● EXERCISE DESCRIPTION
Every record must be restated exactly. Drop the images.

BEGIN

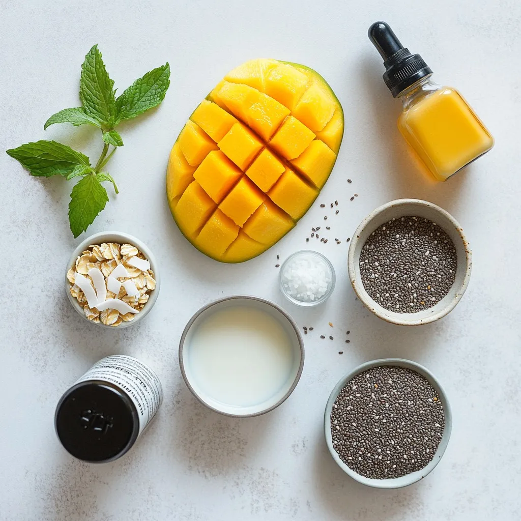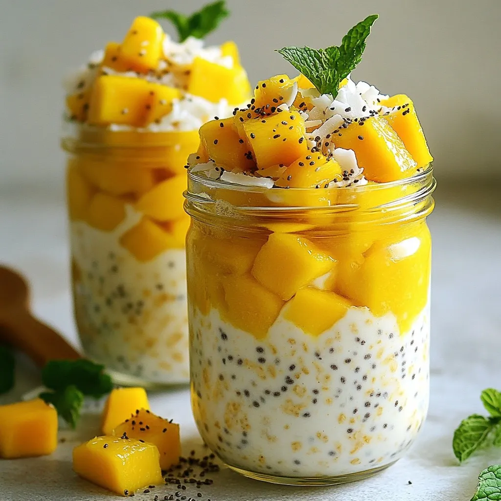 To make Mango Coconut Overnight Oats, you need the following ingredients: - 1 cup rolled oats - 1 cup coconut milk (canned or carton) - 1 ripe mango, diced - 1 tablespoon chia seeds - 2 tablespoons shredded coconut (unsweetened) - 1 tablespoon maple syrup (optional for sweetness) - 1/2 teaspoon vanilla extract - A pinch of salt - Fresh mint leaves for garnish (optional) You can customize your oats with extra toppings like nuts or seeds. Try adding berries or a drizzle of honey for a twist. Mango Coconut Overnight Oats offer a healthy start to your day. Each serving has around 300 calories. You get about 10 grams of protein, 12 grams of fat, and 45 grams of carbs. Key ingredients bring many health benefits: - Mango: Packed with vitamins A and C, mango boosts your immune system. It also has fiber, which helps digestion. - Coconut: This adds healthy fats. It can help keep your heart healthy and provide energy. - Oats: A great source of whole grains, oats can lower cholesterol. They also keep you full longer. These ingredients work together to make a tasty and healthy meal. Enjoy the flavors and the nutrition! {{ingredient_image_1}} To start, gather your ingredients. You need rolled oats, coconut milk, chia seeds, shredded coconut, and a ripe mango. In a mixing bowl, combine the rolled oats, coconut milk, chia seeds, shredded coconut, maple syrup, vanilla extract, and a pinch of salt. Stir well to mix everything evenly. This ensures all the flavors blend nicely together. Next, take your diced mango. Stir in half of the mango into the oat mixture. Set aside the other half for topping later. This adds a burst of fresh flavor! Now, it’s time to store your mixture. Divide the oats evenly into two jars or containers with lids. Seal the containers tightly. This helps keep flavors fresh. Place the jars in the refrigerator overnight or for at least four hours. This soaking time allows the oats to absorb all the delicious coconut milk. In the morning, pull the jars from the fridge. Give the oats a good stir. If you want a creamier texture, add a splash of coconut milk. Top each jar with the remaining diced mango and extra shredded coconut. For a fun touch, garnish with fresh mint leaves. This not only looks pretty but adds a refreshing flavor. Enjoy your tasty and healthy treat! For creaminess, you can adjust the coconut milk. If you want a richer taste, add more milk. If the oats feel too thick, add a splash more coconut milk in the morning. This gives a perfect creamy texture. If your oats turn out too runny, you might have added too much liquid. To fix this, add a bit more oats or chia seeds. They will soak up extra liquid and thicken the mix. To amp up the flavor, try adding spices like cinnamon or nutmeg. Just a pinch can make a big difference. Vanilla extract helps too, but you can explore almond or coconut extract for new tastes. If you like it sweeter, add more maple syrup. You can also use honey or agave syrup if you prefer. Taste the mix before you seal it up. This way, you can adjust to your liking. Pro Tips Choose Ripe Mangoes: For the best flavor, select mangoes that are slightly soft to the touch and have a sweet aroma. This ensures a juicy and flavorful addition to your oats. Customize the Sweetness: Adjust the maple syrup to your taste preference. If your mango is particularly sweet, you might not need any added sweetness at all! Experiment with Toppings: Feel free to add other toppings such as nuts, seeds, or additional fruits like berries or bananas for extra texture and flavor. Make it Vegan: This recipe is naturally vegan, but always check your coconut milk label to ensure it doesn’t contain any animal products if you’re strict about it. {{image_2}} You can make your mango coconut overnight oats even more fun! Try adding tropical fruits like pineapple or banana. These fruits add sweetness and a burst of flavor. You can also swap the coconut milk for almond milk or oat milk. This change gives a new taste while keeping it creamy. If you want a vegan option, this recipe is already perfect! All the ingredients are plant-based. If you need it gluten-free, make sure to use certified gluten-free oats. This way, you can enjoy your oats without worry. Mango coconut overnight oats stay fresh in the fridge for up to five days. Store them in sealed jars or containers. This keeps them tasty and safe. If you want to store them longer, freeze them. They can last for up to three months in the freezer. Make sure to use airtight containers. This prevents freezer burn and keeps flavors intact. You can serve mango coconut overnight oats cold or warm. If you prefer warm oats, heat them gently on the stove or in the microwave. Add a splash of coconut milk to keep them creamy. Stir well to mix in the heat. If you enjoy them cold, just grab a jar from the fridge and enjoy. The choice is yours! What can I substitute for coconut milk? You can use almond milk or oat milk. These options work well. They give a nice flavor too. If you want a thicker texture, try using Greek yogurt instead. Each choice changes the taste slightly but keeps it yummy. Can I use quick oats instead of rolled oats? Yes, you can. Quick oats will cook faster and get softer. They may change the texture a bit. If you like a creamy consistency, quick oats are a good option. However, rolled oats give more chewiness, which some people prefer. How do I make this recipe in larger batches? To make more servings, just double or triple the recipe. Use a larger bowl for mixing. Keep the same ratios for the ingredients. This method makes it easy to feed more people. Just remember to store them in separate jars. How long do overnight oats need to soak? Overnight oats need at least 4 hours to soak. Soaking them overnight gives the best results. This time lets the oats absorb the coconut milk. It also softens them for a creamy texture. Can I add protein powder to the recipe? Yes, you can add protein powder. Just mix it in with the other ingredi
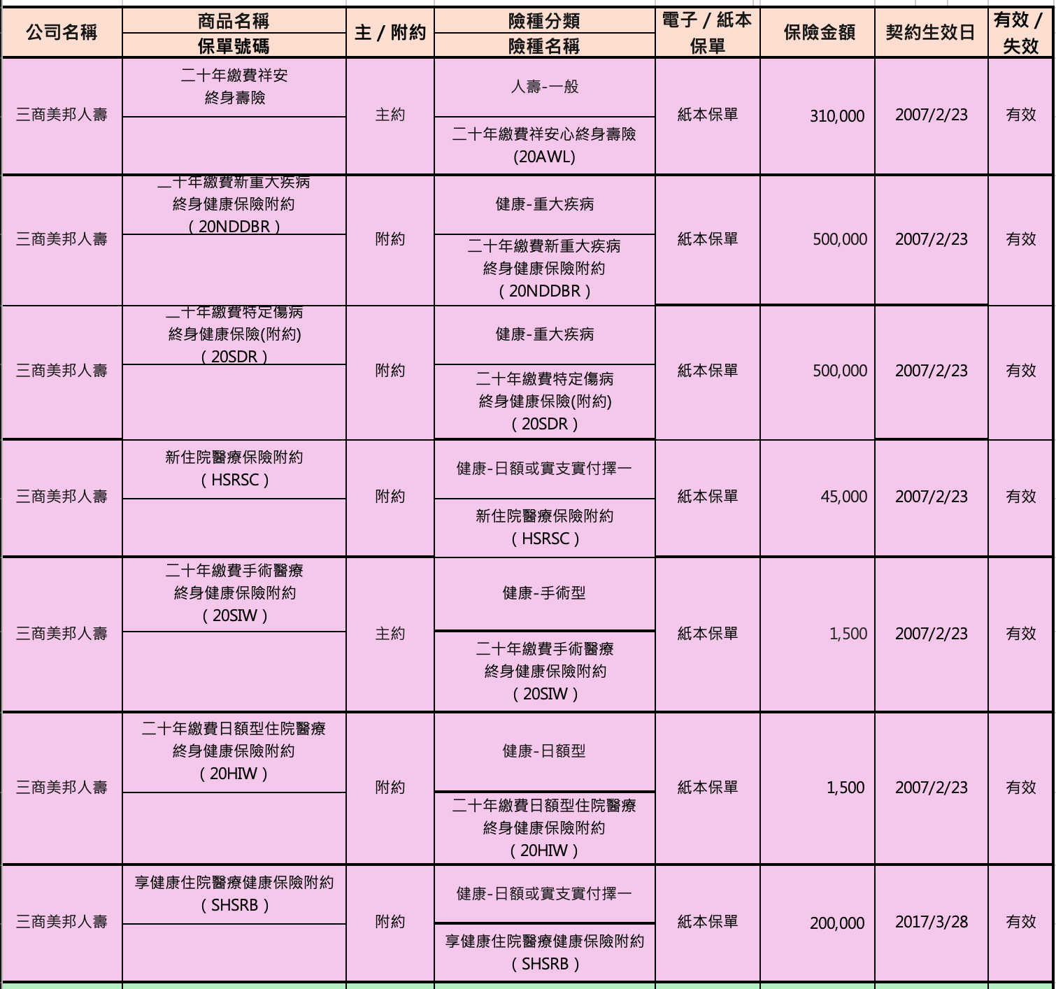 綜上所述,三商跟元大的舊保單請務必好好繳費保留,現在已經規劃不到相同條款跟費率的商品了
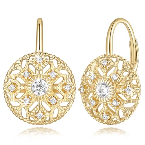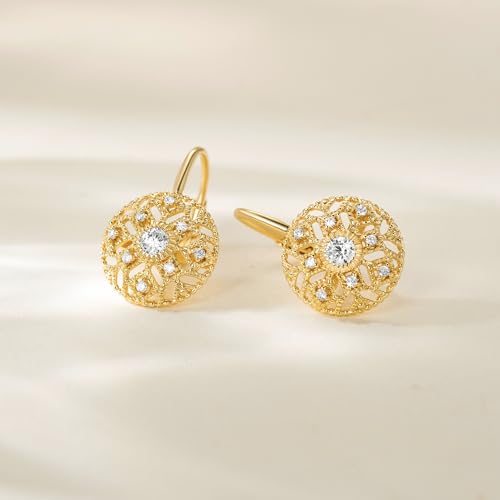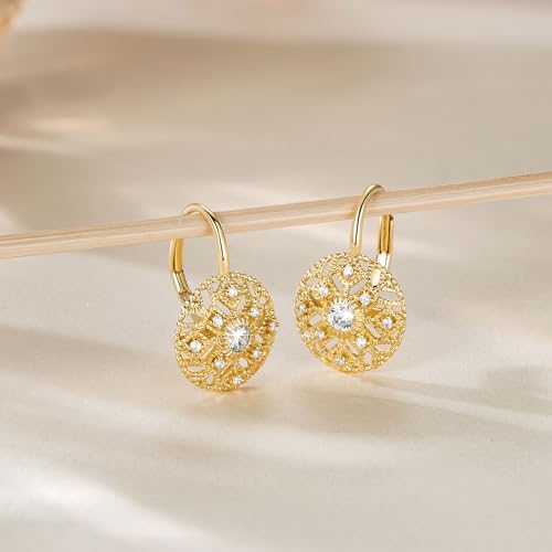 Eloqueen 14K Gold Drop Earrings Dangle Earrings for Women Leverback Dangle with Cubic Zirconia with Engraved Details 14K Gold Earring for Women
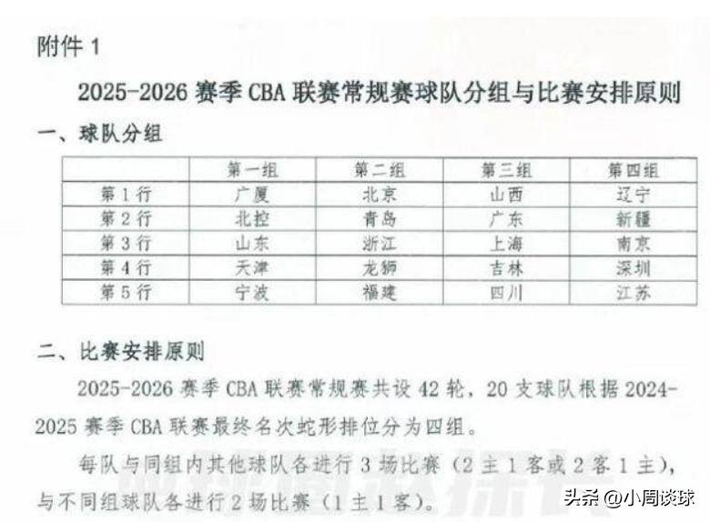 本赛季常规赛将进行42轮较量,20支参赛球队被平均分配至4个小组。分组依据上赛季季后赛最终排名进行科学编排,确保每组实力相对均衡。具体赛制安排为:
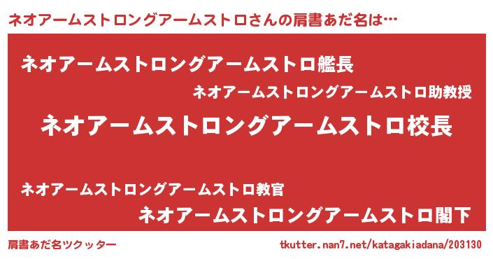| ヒーロー風カッコイイあだ名 | 『ネオネオアームストロングアームストロ』 |

END

● EXERCISE RESULT
 To make Mango Coconut Overnight Oats, you need the following ingredients: - 1 cup rolled oats - 1 cup coconut milk (canned or carton) - 1 ripe mango, diced - 1 tablespoon chia seeds - 2 tablespoons shredded coconut (unsweetened) - 1 tablespoon maple syrup (optional for sweetness) - 1/2 teaspoon vanilla extract - A pinch of salt - Fresh mint leaves for garnish (optional) You can customize your oats with extra toppings like nuts or seeds. Try adding berries or a drizzle of honey for a twist. Mango Coconut Overnight Oats offer a healthy start to your day. Each serving has around 300 calories. You get about 10 grams of protein, 12 grams of fat, and 45 grams of carbs. Key ingredients bring many health benefits: - Mango: Packed with vitamins A and C, mango boosts your immune system. It also has fiber, which helps digestion. - Coconut: This adds healthy fats. It can help keep your heart healthy and provide energy. - Oats: A great source of whole grains, oats can lower cholesterol. They also keep you full longer. These ingredients work together to make a tasty and healthy meal. Enjoy the flavors and the nutrition! {{ingredient_image_1}} To start, gather your ingredients. You need rolled oats, coconut milk, chia seeds, shredded coconut, and a ripe mango. In a mixing bowl, combine the rolled oats, coconut milk, chia seeds, shredded coconut, maple syrup, vanilla extract, and a pinch of salt. Stir well to mix everything evenly. This ensures all the flavors blend nicely together. Next, take your diced mango. Stir in half of the mango into the oat mixture. Set aside the other half for topping later. This adds a burst of fresh flavor! Now, it’s time to store your mixture. Divide the oats evenly into two jars or containers with lids. Seal the containers tightly. This helps keep flavors fresh. Place the jars in the refrigerator overnight or for at least four hours. This soaking time allows the oats to absorb all the delicious coconut milk. In the morning, pull the jars from the fridge. Give the oats a good stir. If you want a creamier texture, add a splash of coconut milk. Top each jar with the remaining diced mango and extra shredded coconut. For a fun touch, garnish with fresh mint leaves. This not only looks pretty but adds a refreshing flavor. Enjoy your tasty and healthy treat! For creaminess, you can adjust the coconut milk. If you want a richer taste, add more milk. If the oats feel too thick, add a splash more coconut milk in the morning. This gives a perfect creamy texture. If your oats turn out too runny, you might have added too much liquid. To fix this, add a bit more oats or chia seeds. They will soak up extra liquid and thicken the mix. To amp up the flavor, try adding spices like cinnamon or nutmeg. Just a pinch can make a big difference. Vanilla extract helps too, but you can explore almond or coconut extract for new tastes. If you like it sweeter, add more maple syrup. You can also use honey or agave syrup if you prefer. Taste the mix before you seal it up. This way, you can adjust to your liking. Pro Tips Choose Ripe Mangoes: For the best flavor, select mangoes that are slightly soft to the touch and have a sweet aroma. This ensures a juicy and flavorful addition to your oats. Customize the Sweetness: Adjust the maple syrup to your taste preference. If your mango is particularly sweet, you might not need any added sweetness at all! Experiment with Toppings: Feel free to add other toppings such as nuts, seeds, or additional fruits like berries or bananas for extra texture and flavor. Make it Vegan: This recipe is naturally vegan, but always check your coconut milk label to ensure it doesn’t contain any animal products if you’re strict about it. {{image_2}} You can make your mango coconut overnight oats even more fun! Try adding tropical fruits like pineapple or banana. These fruits add sweetness and a burst of flavor. You can also swap the coconut milk for almond milk or oat milk. This change gives a new taste while keeping it creamy. If you want a vegan option, this recipe is already perfect! All the ingredients are plant-based. If you need it gluten-free, make sure to use certified gluten-free oats. This way, you can enjoy your oats without worry. Mango coconut overnight oats stay fresh in the fridge for up to five days. Store them in sealed jars or containers. This keeps them tasty and safe. If you want to store them longer, freeze them. They can last for up to three months in the freezer. Make sure to use airtight containers. This prevents freezer burn and keeps flavors intact. You can serve mango coconut overnight oats cold or warm. If you prefer warm oats, heat them gently on the stove or in the microwave. Add a splash of coconut milk to keep them creamy. Stir well to mix in the heat. If you enjoy them cold, just grab a jar from the fridge and enjoy. The choice is yours! What can I substitute for coconut milk? You can use almond milk or oat milk. These options work well. They give a nice flavor too. If you want a thicker texture, try using Greek yogurt instead. Each choice changes the taste slightly but keeps it yummy. Can I use quick oats instead of rolled oats? Yes, you can. Quick oats will cook faster and get softer. They may change the texture a bit. If you like a creamy consistency, quick oats are a good option. However, rolled oats give more chewiness, which some people prefer. How do I make this recipe in larger batches? To make more servings, just double or triple the recipe. Use a larger bowl for mixing. Keep the same ratios for the ingredients. This method makes it easy to feed more people. Just remember to store them in separate jars. How long do overnight oats need to soak? Overnight oats need at least 4 hours to soak. Soaking them overnight gives the best results. This time lets the oats absorb the coconut milk. It also softens them for a creamy texture. Can I add protein powder to the recipe? Yes, you can add protein powder. Just mix it in with the other ingredi
 綜上所述,三商跟元大的舊保單請務必好好繳費保留,現在已經規劃不到相同條款跟費率的商品了
 Eloqueen 14K Gold Drop Earrings Dangle Earrings for Women Leverback Dangle with Cubic Zirconia with Engraved Details 14K Gold Earring for Women
 本赛季常规赛将进行42轮较量,20支参赛球队被平均分配至4个小组。分组依据上赛季季后赛最终排名进行科学编排,确保每组实力相对均衡。具体赛制安排为:
| ヒーロー風カッコイイあだ名 | 『ネオネオアームストロングアームストロ』 |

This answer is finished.